There are the hard-boiled detectives who stalk the pages of Raymond Chandler and Mickey Spillane. There are the rational logicians who look to their little grey cells while traveling on the Orient Express or breakfasting at Baker Street. There are the disillusioned police officials, the scientific sleuths, the highbrow elites playing sometimes seriously, sometimes not, at police work. And of course there is the amateur detective: the rabbi who takes time out from his preaching to find killers, the crime fiction writer more adept at solving crimes than any detective she creates, the rare book specialist, the forensic psychologist, the elderly spinster, and so on.
It is to this latter group that Israel Armstrong, the somewhat anti-hero of Ian Sansom's Mobile Library Mystery series, belongs. An English, Jewish, vegetarian librarian working on a mobile library in a small village in Northern Ireland, Armstrong is as unlikely a crime solving candidate as any amateur sleuth in the pantheon.
As The Bad Book Affair, the fourth in the Mobile Library series begins, Israel is in a depressive funk. He is approaching his thirtieth birthday. He has been dumped by his longtime girlfriend, and feeling the proverbial fish out of water stuck in the Irish backwater, humdrum Tumdrum. Not only is Armstrong an amateur, he is something of nebbish, the Yiddish equivalent of the naïf who always seems to be saying and doing the wrong thing, is constantly being taken advantage of, and never seems to have a clue. Although, in this case, Israel Armstrong is one nebbish who despite his inadequacies manages to get it right in the end.
As mysteries go, The Bad Book Affair is rather innocuous. If you're looking for murder and mayhem, this is the wrong book. The actual problem doesn’t even show its face until a hundred or so pages have passed, and even then it isn't a problem that is going to compete with The Girl with the Dragon Tattoo. What we've got here is no violent whodunit, but fairly gentle what-happened.
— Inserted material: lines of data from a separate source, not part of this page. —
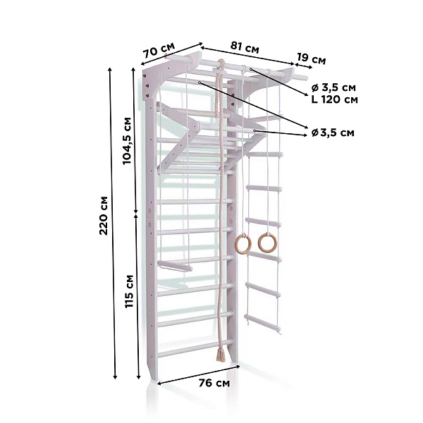 1. Шведская стенка. 2. Турник. 3. Канат. 4. Кольца. 5. Трапеция. 6. Веревочная лестница. 7. Доска для пресса. А так же крепежный комплект. Для безопасности рекомендуем купить мат гимнастический.
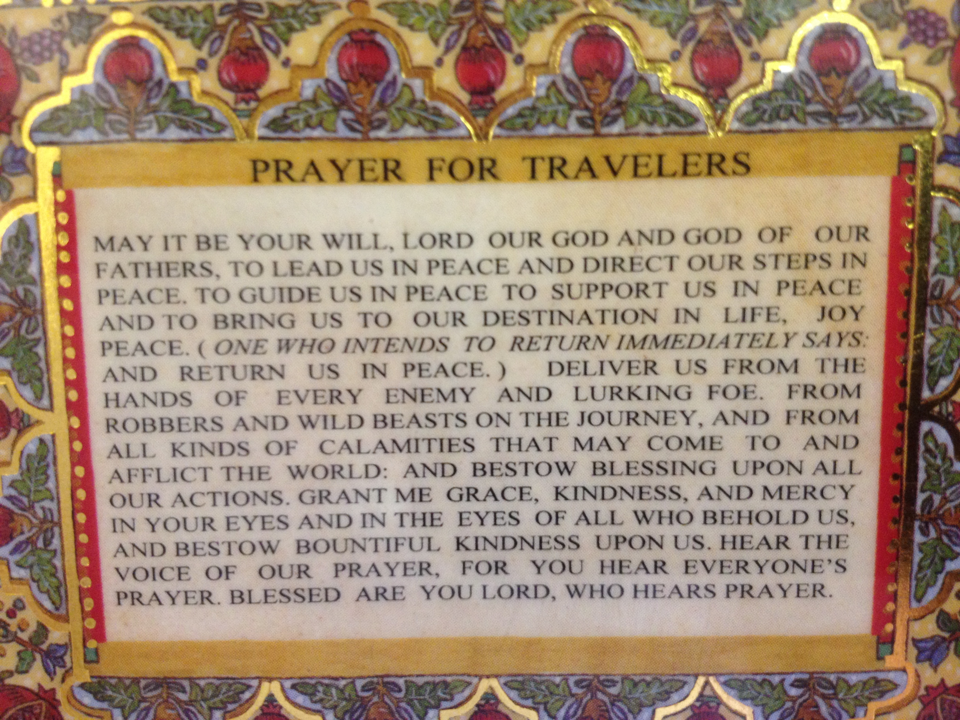 Usually, when I fly, I carry with me a small laminated card with the ancient Hebrew prayer for traveling, tefilat ha-derech. After I’m settled in my seat, as the plane begins to taxi toward the runway, I fish it out of my purse and whisper May it be your will, Lord our God, God of our fathers, to lead us in peace…to bring us to our destination in life…Deliver us from the hands of every enemy and lurking foe, from robbers and wild beasts on the journey, and from all kinds of calamities that may come…grant me grace, kindness and mercy in your eyes…blessed are you Lord who hears prayers. On this trip, I forgot the card at home. It worried me, in passing.
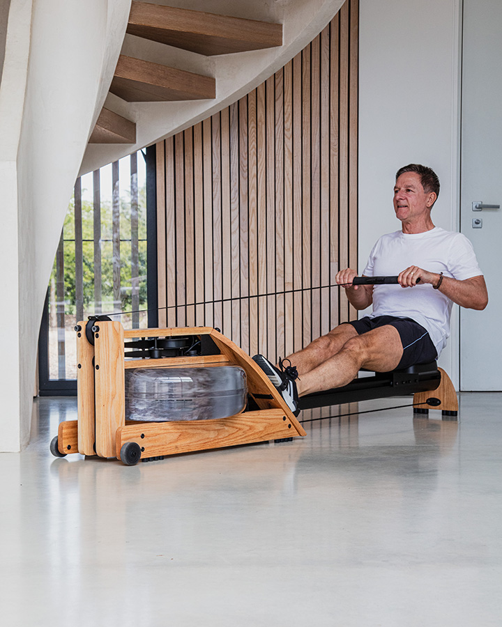 The WaterRower is designed to blend seamlessly into a considered interior setting. Available in different frame styles and materials, the WaterRower can stand on end for space-saving storage when not in use.
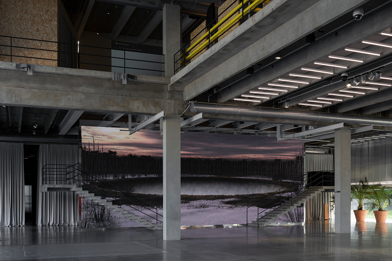 Первый видеопроект, который смогут увидеть зрители, называется «Озеро». Эта знаковая работа группы демонстрирует яркую уникальность художественного языка. С помощью 3D-графики художники создали изумительный пейзаж — круглый водоем, окруженный лесом. На первый взгляд, мир ролика кажется спокойным и статичным, однако со временем начинает происходить неожиданная трансформация: лед начинает таять, и поверхность воды открывает таинственную пропасть, меняя восприятие зрителя.
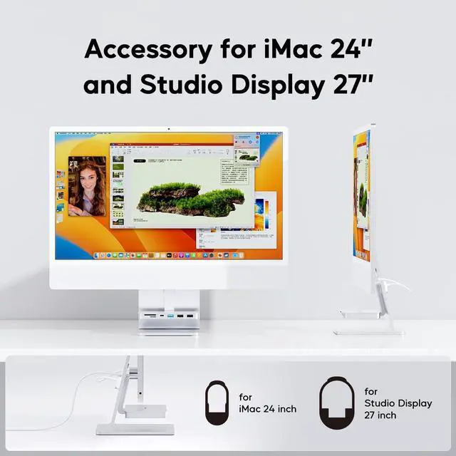 • Compatibility for iMac M1/M3/M4: iMac 2023 accessories are compatible with iMac M1/M3/M4 and Studio Display 27-inch. The hook-type design can be changed flexibly and is portable and lightweight. The iMac hub not only supports laptops which are with full-featured Type C ports, but also supports connecting hard disks, mice, and more USB devices to complete data transfe
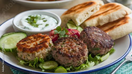 plate, closeup, lamb, beef, served, side, cucumber, yogurt, pita, bread, middle, eastern, savoury, dish, juicy, ai, flavorful, grilled, minced, meat, tender, spice, garlic, cumin, parsley, herb, texture, delicious, dipping, sauce, warm, aromatic, traditional, protein, filling, presentation, culinary, snack, serving, rich, hearty, appetiser, fresh, creamy, lemony, crispy
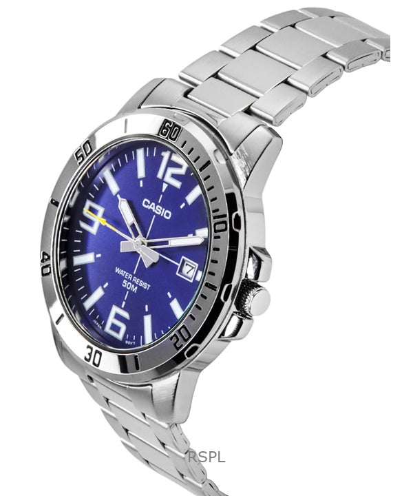 Reloj Casio Enticer analógico de acero inoxidable con esfera azul de cuarzo MTP-VD01D-2BV para hombre
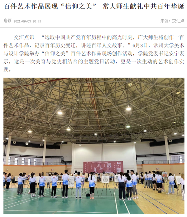 “选取中国共产党百年历程中的高光时刻,广大师生将创作一百件艺术作品,记录百年历史变迁,讲述百年人文故事。”6月3日,常州大学美术与设计学院举办“信仰之美”百件艺术作品现场创作活动,学院党委书记安宁表示,这是一次美育与党史相结合的主题党日活动,更是一次生动的艺术创作实践。
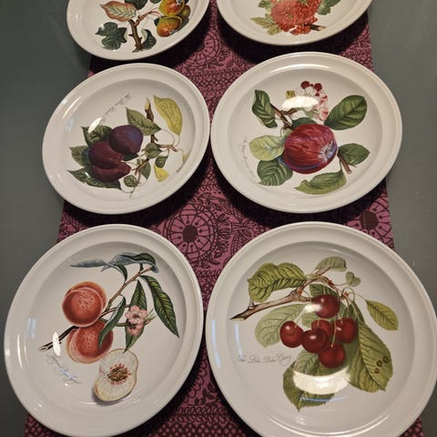 Portmeiron Pomona Posliini lautaset "Hoary Apple Fruit" Valmistettu Englannissa.
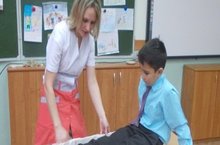 В 3 А классе прошёл необычный урок окружающего мира. К ребятам в гости пришел профессиональный медицинский работник. Лилия Накиповна, мама одной из учениц класса, рассказала ребятам о детских шалостях, которые приводят к травмам. Он а познакомила детей с видами травм. Ребята на практике учились оказывать первую доврачебную помощь пострадавшему. Учились обрабатывать раны, делать перевязки и накладывать шины. К концу урока дети пришли к выводу, что лучше предотвратить травмы, чем их лечить .
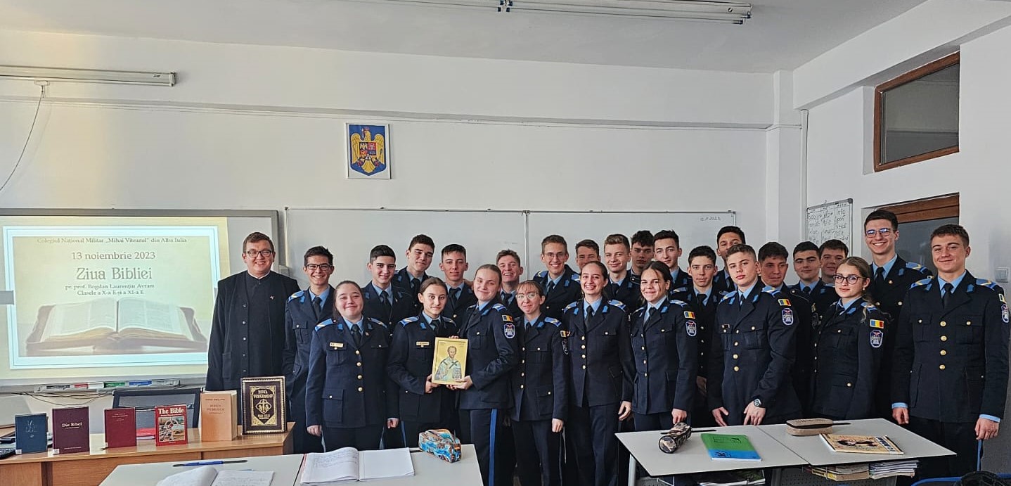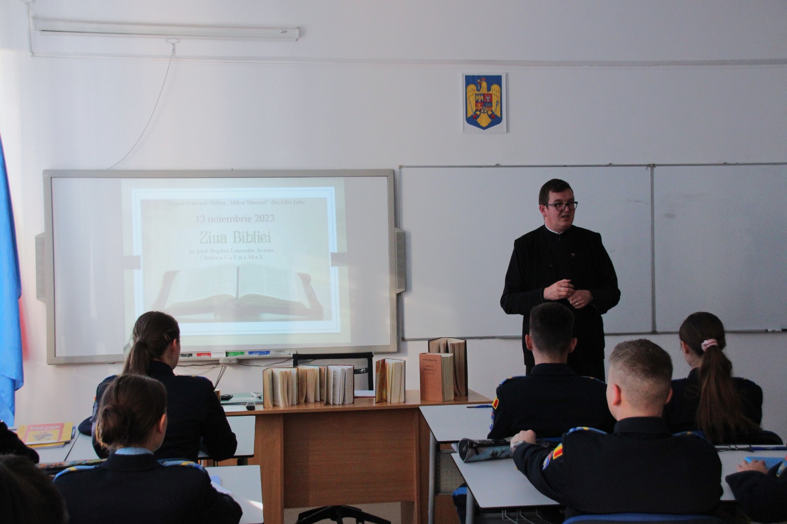 Luni, 13 noiembrie, la Colegiul Național Militar ,,Mihai Viteazul" din Alba Iulia, s-a desfășurat un eveniment deosebit, prilejuit de Ziua Mondială a Bibliei (13 noiembrie). Această primă ediție, intitulată „Cuvântul lui Dumnezeu în viața tinerilor”, a fost realizată la inițiativa subsemnatului și a elevilor claselor a X-a E și a XI-a E. La eveniment a participat părintele capelan Constantin Bratu și preotul militar Ion Roncea, reprezentantul asistenței religioase din SMFA. Ziua Bibliei a fost instituită în România la propunerea și prin hotărârea Sfântului Sinod al Bisericii Ortodoxe Române, în zilele de 14-15 noiembrie 2006.
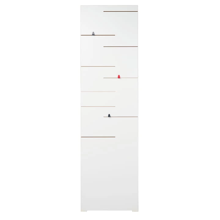 Nonchalant tegen de muur leunend, presenteert de kapstok angeber van Tojo zich met een moderne coolness. Of het nu in de kinderkamer is voor jassen of in de gang: De kapstok is een echt design statement. Schoenen, truien, sjaals, hoeden, enz. kunnen worden opgeborgen in de goed ontworpen opbergruimte. Jassen of mackintoshes worden met een kleerhanger in de intelligent gefreesde uitsparingen in het deksel gehangen. Dit is niet alleen handig, maar zorgt ook voor een natuurlijk en homogeen karakter.
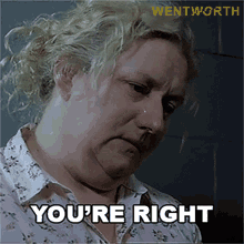 Elizabeth Birdsworth (Celia Ireland) from Wentworth acknowledges with 'You're Right'.
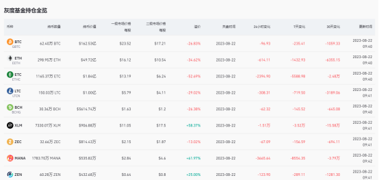 尽管如此,GBTC仍是行业内影响最大的类比特币ETF产品,根据官网数据,截至8月21日,GBTC管理资产总额达到160.78亿美元,持仓比特币数量为62.40万枚,持仓占比达到BTC总流通量的3.2%,当前二级市场报价为17美元,负溢价为26.83%,值得关注的是,自贝莱德事件后,GBTC受可转换ETF的利好影响,负溢价率呈收窄趋势,8月15日,该数值升至23.9%,创 2022 年 4 月 26 日以来新高,可见当前市场对GBTC预期有所转好。
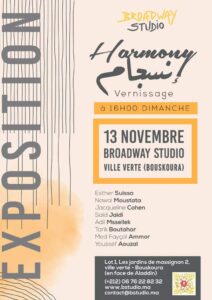 يستعد فضاء ستوديو بروديو بوسكورة بمدينة الدار البيضاء، ابتداء من 13 نونبر إلى نهاية شهر دجنبر 2022 ، لاحتضان معرض تشكيلي جماعي تحت عنوان “إنسجام”، لمجموعة من الفنانين التشكيليين ينتمون لمختلف المدارس الفنية المعاصرة.
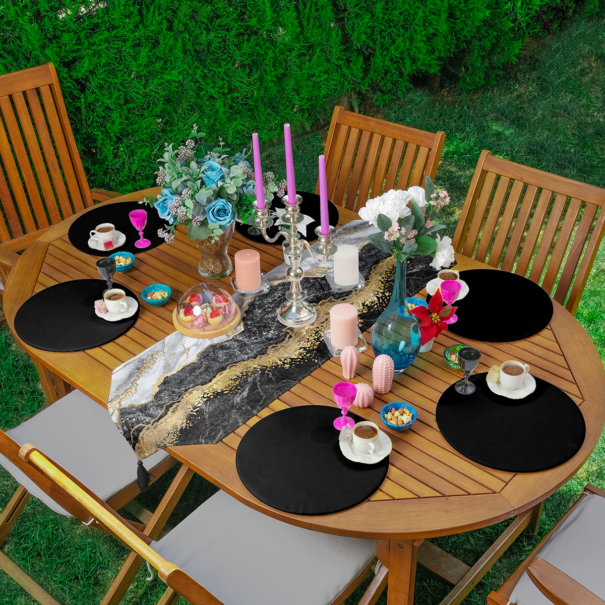 Realhomes Gold Detaylı Mavi Mermer Desenli Üçgen Püsküllü Runner 1 Adet & 6 Adet Siyah Renkli Supla
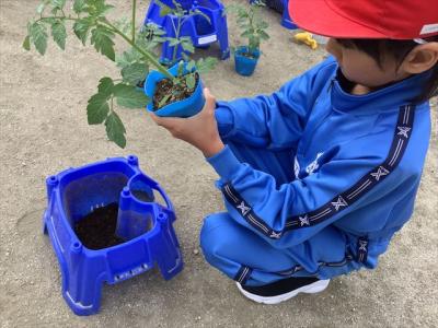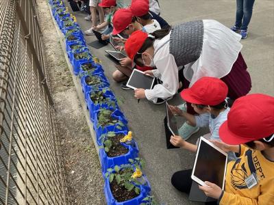 土入れの後,苗をそっと鉢に入れ,思いを込めて植えました。じっくり見たり,タブレットで写真を撮ったりして観察していました。
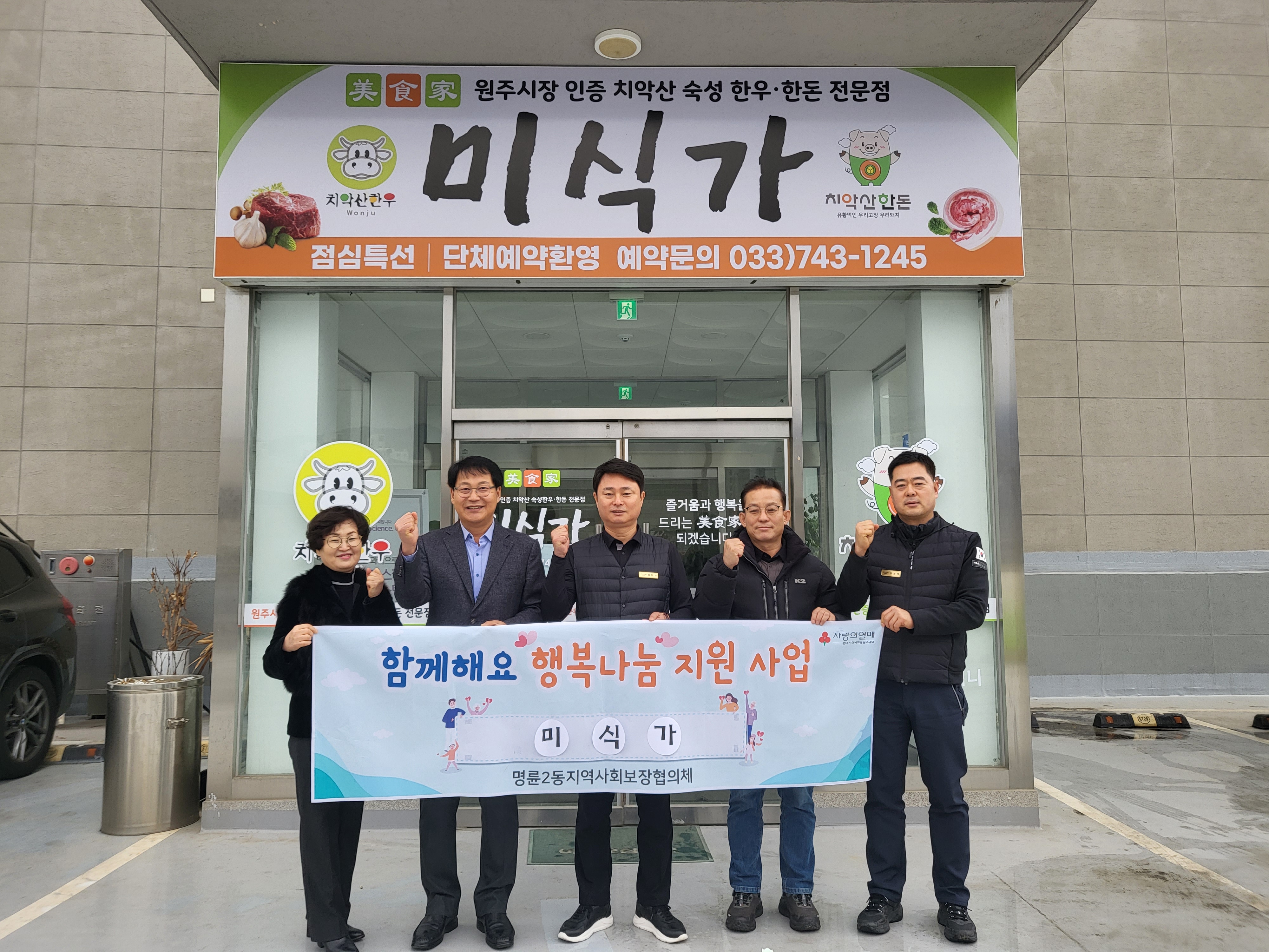 [강원사회복지신문 서은진 기자]=원주시 명륜2동 행정복지센터와 명륜2동지역사회보장협의체(위원장 권영숙)는 지난 2월 10일 반곡동 소재 미식가(대표 김용빈)와 자매결연 협약을 체결했다. 이번 협약으로 미식가는 저소득층 가구에 한우탕 100그릇을 전달하기로 했다. 또한, 김용빈 대표는 원주시나눔봉사단 명의로 현금 1...
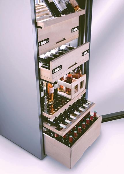 Il est donc également important de tenir compte de l’équipement souhaité dans le choix de votre cave à vin. A titre d’exemple, un modèle annoncé avec une capacité maximale de 230 bouteilles bordelaises réparties sur 4 clayettes, verra sa capacité diminuer à 170 bouteilles avec un équipement de 13 clayettes coulissantes.
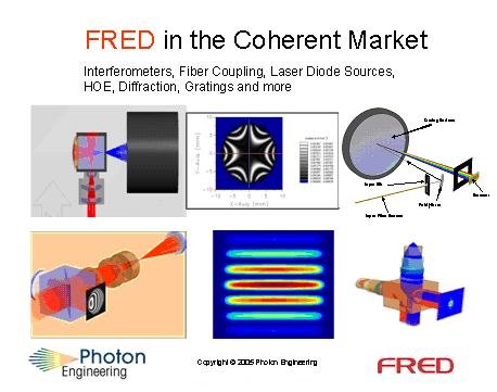 在FRED之中你可以設定出你所需要的光源係統如同調光並進行應用,如雷射係統,全相片,幹涉圖形分析等等,你都可以用FRED這一套軟體(ti) 仿真這樣的光學機構。

In fact, Sansom, it would seem, is much less interested in any crime plot than he is in character, tone, and style.
The book is filled with as quirky a cast of characters as you'd be likely to find in even a Dickens novel. There is Ted, Israel's co-worker at the library, who doesn't seem to have a last name, and who doses Israel with commonsensical prescriptions that more often than not make absolutely no sense. He speaks homespun words of wisdom in a language all his own. "What's the point of having a dog and barking yerself, eh?" He invents words: "deedlin'," as in if you were driving, you'd be "deedlin'." "Jandies," as in "Ye give me the jandies."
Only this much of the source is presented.